As far as I can remember the pressure required is equivalent to the weight of the water in the pump in kg multiplied by the height in meters of the tower.
What is the formula for pressure required in kg as a function of x, h and d? All units metric.
 A: Your pump needs to provide enough pressure to push the water all the way up to the deposit. That would amount to $\rho g h$. If your inlet in the deposit is above water level, $h$ is measured to the inlet. If it is underwater, then it is measured to the water level.
That pressure is enough to keep the water from backflowing, but not to push any more water up to the deposit. To do so, you'll need additional pressure, that will go into kinetic energy of the water moving through the pipe, $\frac{1}{2}\rho v^2$, and into overcoming friction losses in the pipe, which can be calculated with the Darcy-Weisbach equation. The velocity of the water in the pipe can be figured out from the pipe diameter and the mass flow being sent through it.

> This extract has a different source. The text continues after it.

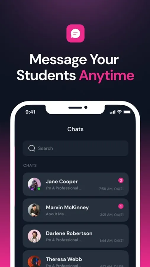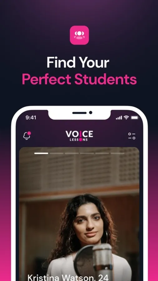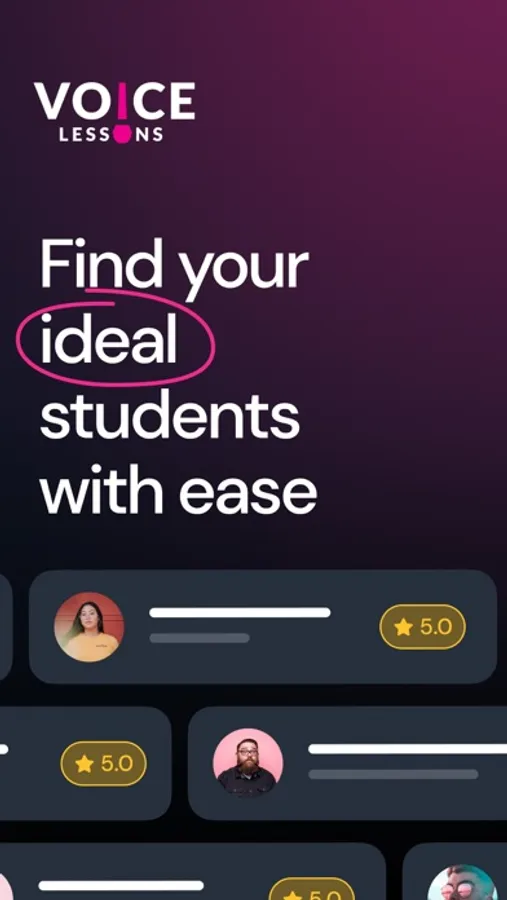 Marketplace app for voice instructors, voice teachers, and vocal coaches. List your profile, upload photos, videos, and studio details so students can find you. Enable push notifications to get real time match notifications. Message with students and grow your online studio.

A: .052 x 8.34 x height above pump. Will provide you with number of pounds of pressure that your pump must provide to push water to your tank. Of course I can give you the formula for diameter of pipe/ and distance; however I'm not sure that anyone wants to begin calculated process factors for the bends, and turns in a friction on water inside a pipe. I'll just keep it simple like the original formula says.  For example
 Your tank water entrance is ten foot high. .052x8.34x10 is the amount of pressure that your completely full tank, will proprovide back against the pump. That means that a pump must be able to push a very minimum of 4.3 pounds, of force only to push clean clear fresh water to that level. I'd recommend that you exceed that number by four pounds if your water source is extremely close to your tower.